MotoGP Jahresrückblick 2020 – die Startnummer 33
Brad Binder eilte vom Vorjahr als „KTM Rüpel“ bereits aus der Moto2 ein allerdings eher zweifelhafter Ruf voraus. Beim infolge der Corona-Pandemie verspäteten Saisonauftakt in Jerez hatte der MotoGP-Rookie zunächst jedoch mit sich selbst genug zu tun. Als Zweitletzter das Ziel zu erreichen, entsprach definitiv nicht seiner Vorstellung. Doch bereits im zweiten Rennen von Jerez machte er seinem Ruf als Abräumer vom Dienst bereits wieder alle Ehre. Dass er dabei jedoch in der ersten Kurve mit Miguel Oliveira gleich einen Markenkollegen ausschaltete, war weniger nach dem Gusto seines Vertragspartners KTM. Während der Portugiese damit bereits aus dem Rennen war, sparte sich Binder die Selbst-Eliminierung noch für einige Runden später auf. Genau 22 Minuten nach dem Start flog der Südafrikaner nach einem Highsider kopfüber auf den Asphalt.

Vom Buhmann zum strahlenden Sieger
Der KTM-Rüpel vom Dienst hatte großes Glück, lief es ihm gleich in der nächsten WM-Runde in Brünn absolut nach Plan.

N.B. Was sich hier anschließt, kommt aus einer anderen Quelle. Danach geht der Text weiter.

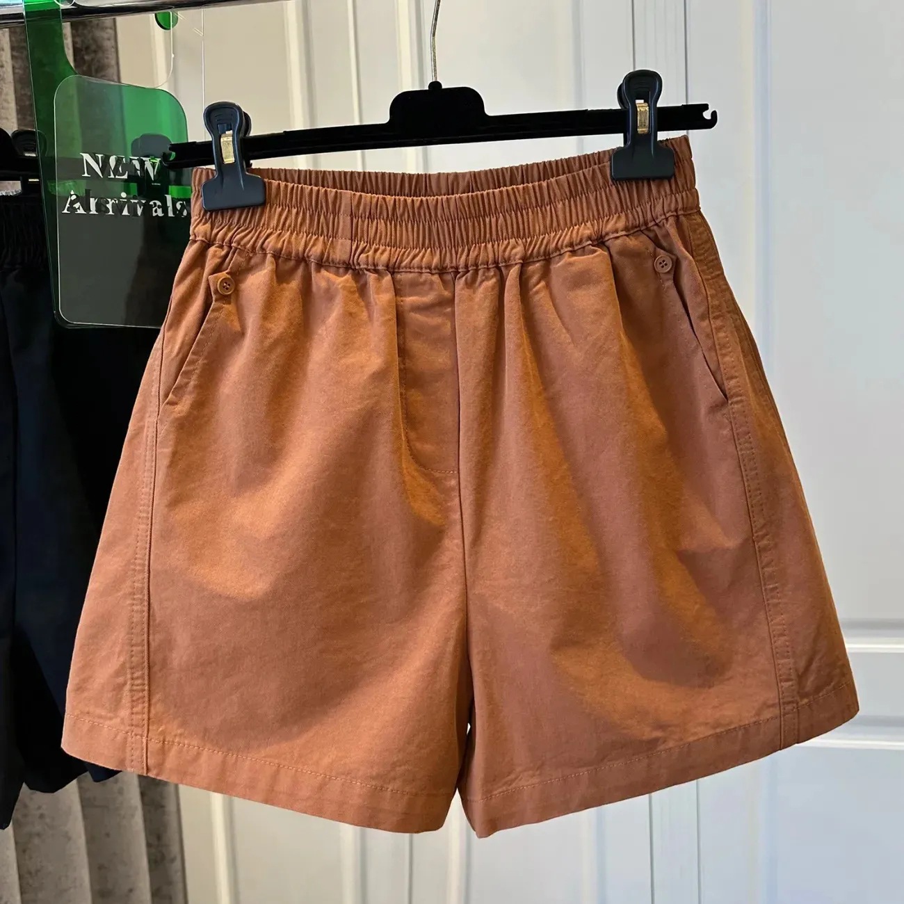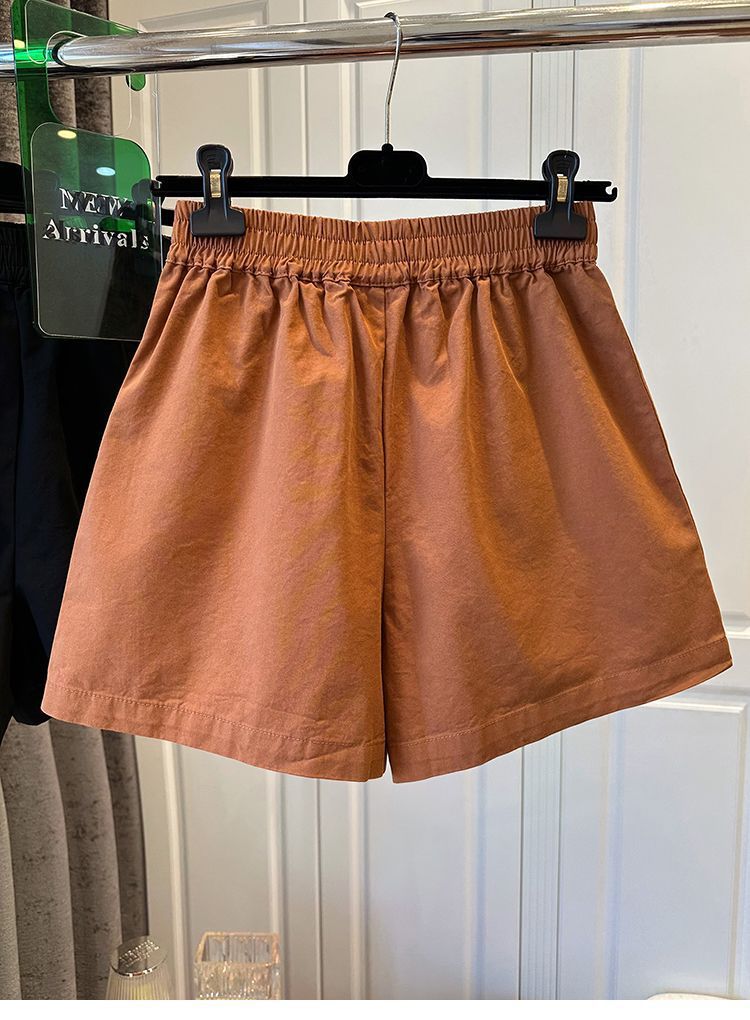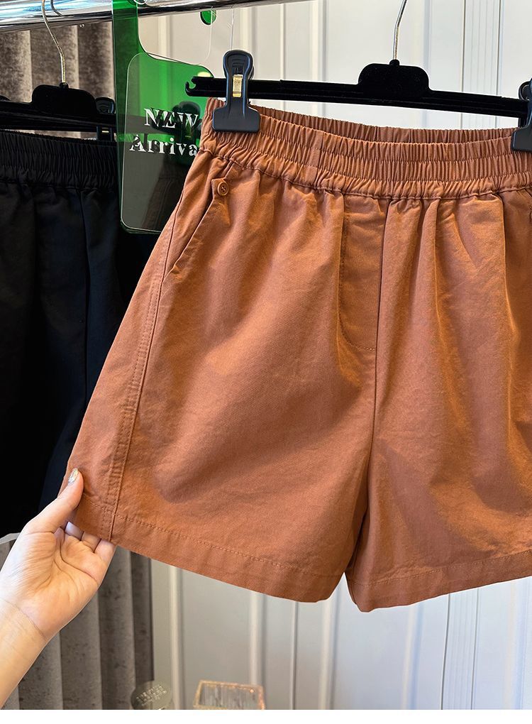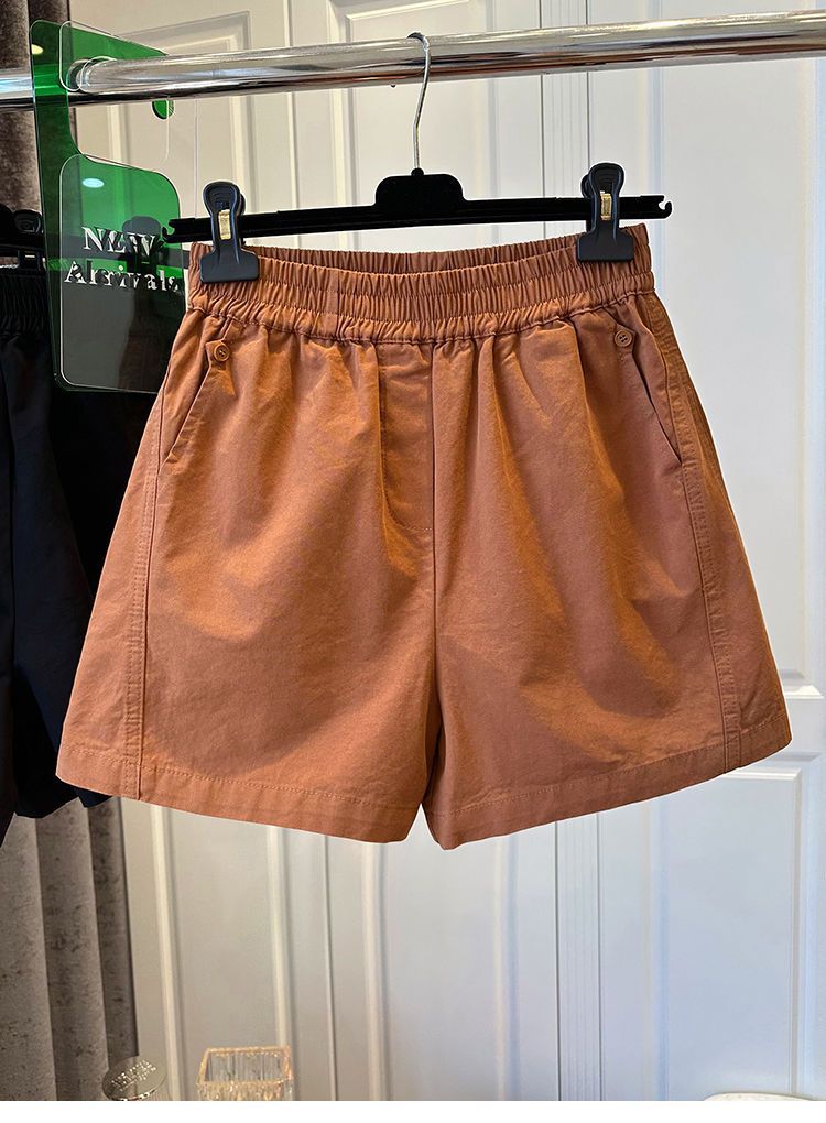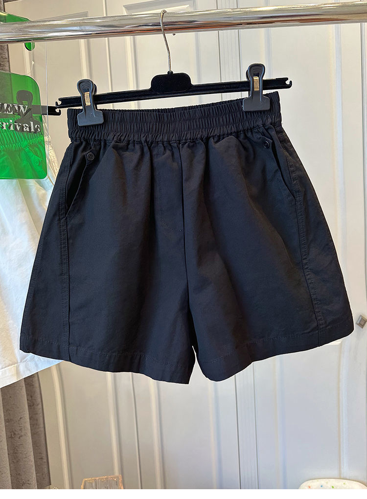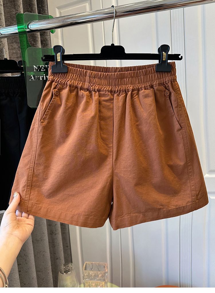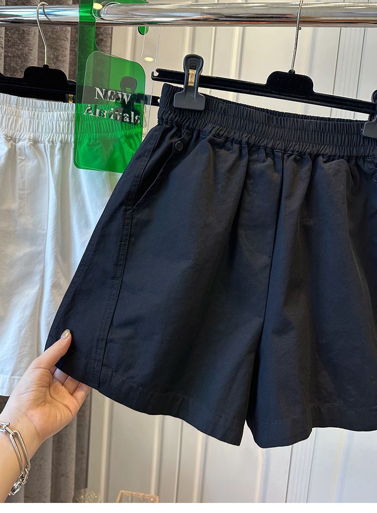 100 면 느슨한 느슨한 캐주얼 올 매치 반바지 여자 와이드 다리 바지 높은 허리 버튼 바느질 2025 여름 새로운스토어 가기

KTM hatte mit Testfahrer Dani Pedrosa auf dem Masaryk Ring zuvor ausgiebig getestet. Während alle anderen Hersteller noch mitten im in deren Länder späteren Lockdown steckten, ein unschätzbarer Vorteil für die Orangen. Im Gegensatz zu sämtlichen anderen Gegnern wussten die KTM Piloten exakt, welche Reifen im Rennen funktionieren werden. Sie konnten sich auf die Zeitenjagd machen und darauf verlassen, ein passendes Setup mit der richtigen Wahl der Michelin-Pneus für das Rennen im Voraus bereits zu kennen. So kam es zum für viele überraschenden, aber eigentlich völlig logischen KTM-Sieg beim GP von Tschechien. Pol Espargaró hatte sich durch einen selbst verschuldeten Sturz aller Chancen beraubt.

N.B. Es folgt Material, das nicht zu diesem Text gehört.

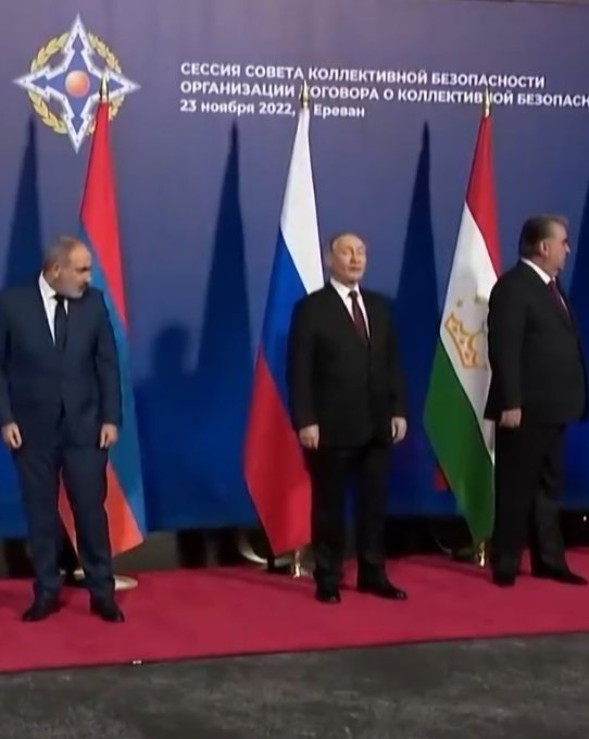 During a “family” photograph of leaders of countries in the Collective Security Treaty Organisation (CSTO) in Yerevan on Wednesday, Armenia’s prime minister, Nikol Pashinyan, stepped away from Putin, who had been standing to his left.
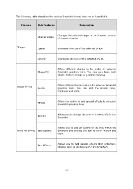 The following table describes the various SmartArt format features in PowerPoint.
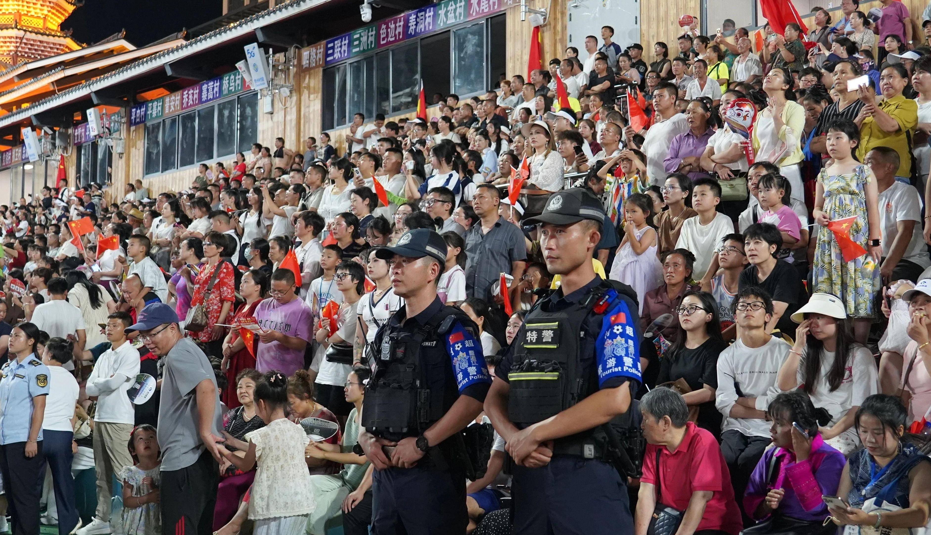 為確保賽事活動成功舉辦,省、州、縣三級公安機(jī)關(guān)建立“村超”安全保障服務(wù)工作協(xié)調(diào)機(jī)制,每日跟蹤調(diào)度各項安保工作,累計投入安保力量2700余人,安裝調(diào)試各類安檢設(shè)備657臺(套),會同市場監(jiān)管、綜合執(zhí)法、消防等部門對賽場及周邊進(jìn)行安全巡查,強(qiáng)化道路秩序管理和社會治安巡邏防控,為各項賽事和文藝演出活動的順利舉行,營造了平安有序的社會治安環(huán)境。
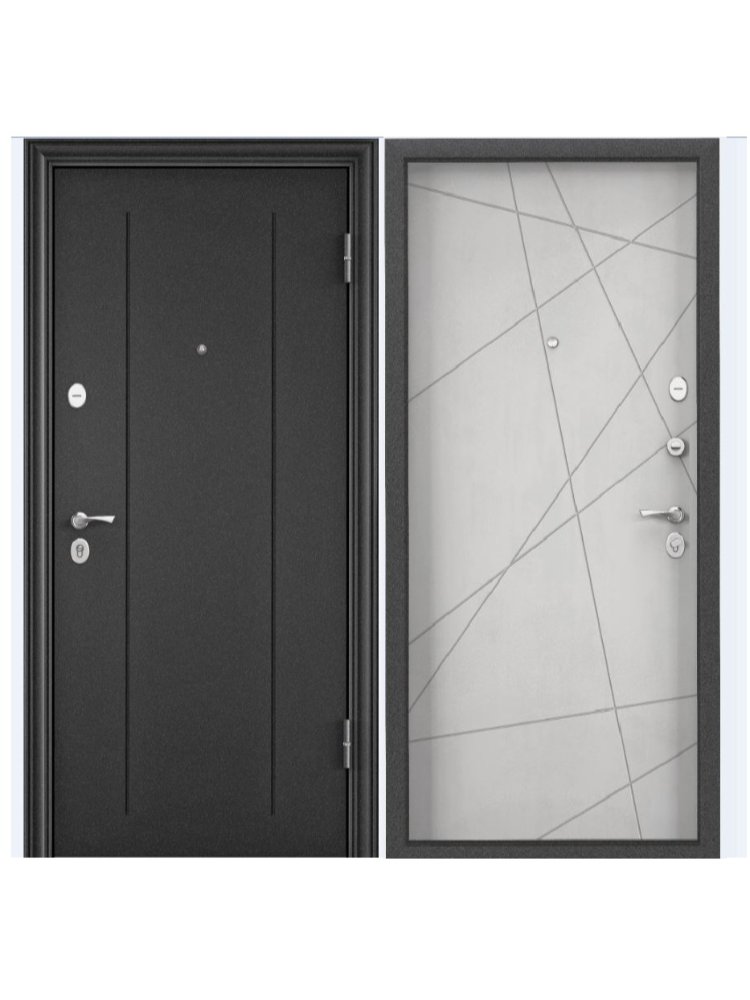 Надёжная металлическая дверь, идеально подходит для установки в квартиру или частный дом, обеспечит максимальную защиту и современный стиль. Снаружи — покрытие тёмно-серый букле графит RGSO, внутри — изысканный бетон известковый D6-26 с декоративным хромовым молдингом, что делает модель универсальным решением для разных интерьеров.

Zwischen Genie und Wahnsinn – Brad Binders erstes MotoGP Jahr
Nach Platz 4 am ersten Wochenende in der Steiermark machte sich mit Rang 8 wieder eine gewisse Ernüchterung breit. Doch für einen Rookie war Binders Bilanz trotzdem immer noch ziemlich ansprechend. Irgendwie hatte man beim Südafrikaner oft den Eindruck, er bewege sich zwischen Genie und Wahnsinn. Konstanz war sowieso nicht seine Stärke. Weil auch in Misano hatte KTM vor dem ersten Rennen mit Pedrosa ausgiebig getestet. Selbst Pol Espargaró gab vor dem ersten Wochenende zu Protokoll, sein Team hätte klare Vorteile, weil sie genau wüssten, welche Reifen und welches Setup am Sonntag funktionieren würden. Doch kein einziger KTM-Pilot schaffte es danach in die Top Ten und Binder war nur zwölfter geworden.

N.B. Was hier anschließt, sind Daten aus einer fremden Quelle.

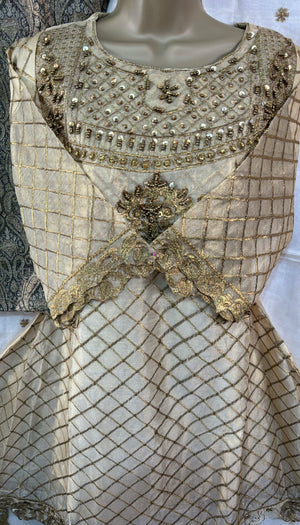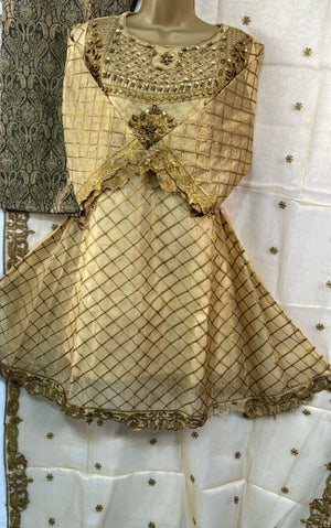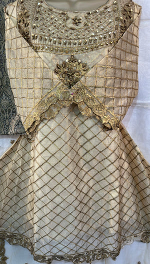 Golden Three Piece Frock Style Suit with Embellished Shirt Jamawar Trousers & Embroidered Dupatta for Any Occasion
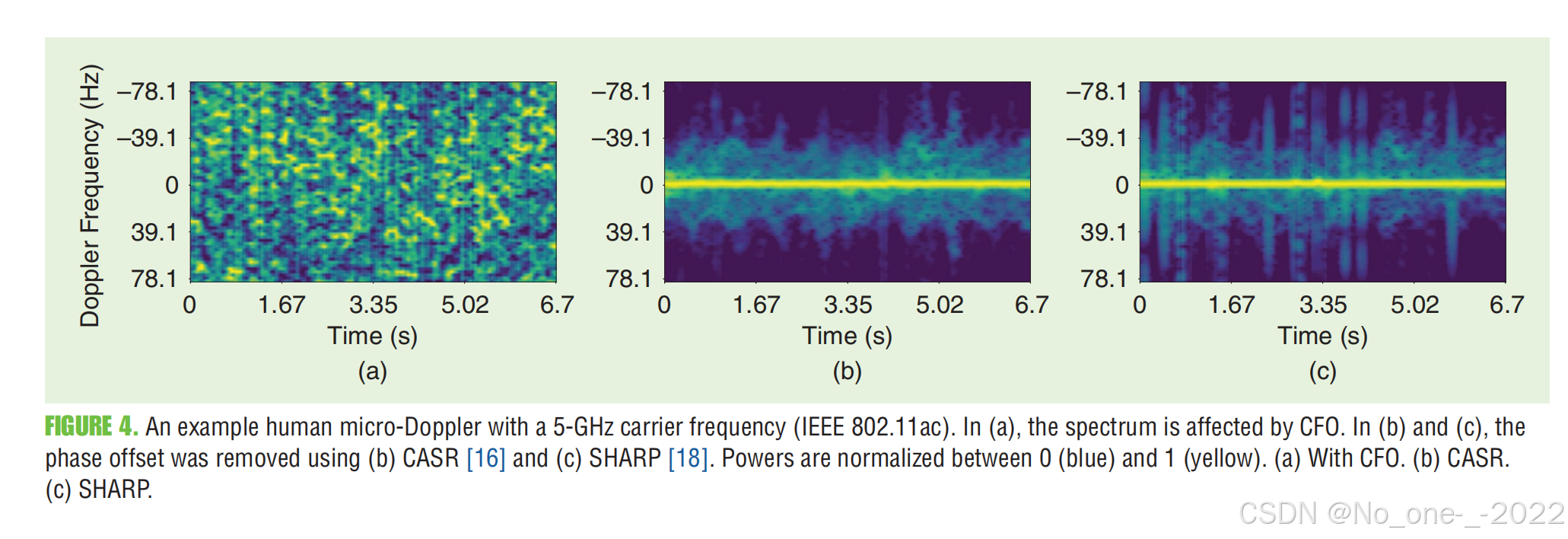 注意, CSI 的功率可以被用来在时域内联合处理多个测量结果。此外,雷达感知中流行的先进感知技术,例如微多普勒频谱图 [8] ,也受到 CFO 的严重影响, CFO 会破坏多普勒特征。微多普勒包含关于目标的细粒度信息,包括多个移动部分。它是许多应用的关键组成部分,例如目标识别、人类活动识别和人员身份验证等 [2] 。我们将使用微多普勒的质量作为可能的评估标准之一,以及作为比较各种 CFO 消除方法的一种手段。
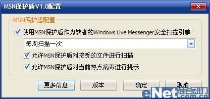 【小提示】 在默认情况下,内存扫描每周进行一次。如果您感觉这个设置不太满意,也可以自行打开Windows Live Messenger的“工具”菜单→“MSN保护盾V1.0配置”一项,手工进行设置。
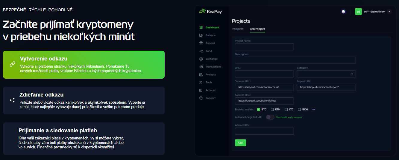 - KvaPay ponúka rýchle a jednoduché kryptomenové platby.
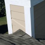 For chimney chases built into gable walls, we install a partial diverter, again extending the sloped surface several inches beyond the corner.
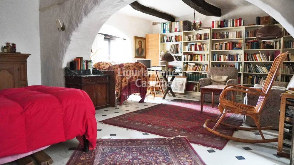 Lingresso della casa in vendita ad Imperia conduce a un accogliente salone caratterizzato da soffitti a volta e dettagli in pietra che richiamano il fascino autentico della tradizione ligure.
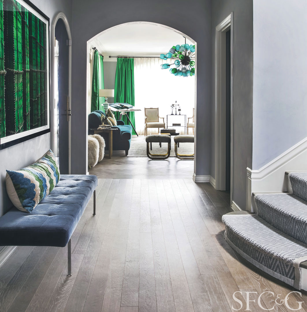 Green echoes from the living room into the hallway in artwork by Peter Steinhauer. Bench is from Big Daddy’s Antiques. Stair carpet is through Stark.

Die fehlende Konstanz verschlechterte Binders Bilanz
Nach dem schlechten Resultat im 1. Rennen wollte er unbedingt seine Sache am zweiten Misano Wochenende besser machen. Doch Binder crashte gleich zweimal nacheinander. In Barcelona war der Vorteil für KTM endgültig vorbei, den sie dank der frühen Aufhebung des Lockdowns in Österreich bis Misano gehabt hatten. Prompt kam auch in Barcelona keine einzige KTM in die Top Ten. Mit Rang 11 war Brad Binder noch der beste von ihnen gewesen, während Pol Espargaró und Miguel Oliveira ihr Rennen im Kiesbett beendet hatten. Platz 12 in Le Mans war ebenfalls enttäuschend und im 1. Rennen von Aragon verfehlte er mit P11 die Top Ten erneut. Am zweiten Wochenende schoss er in der zweiten Kurve völlig übermotiviert Jack Miller ab.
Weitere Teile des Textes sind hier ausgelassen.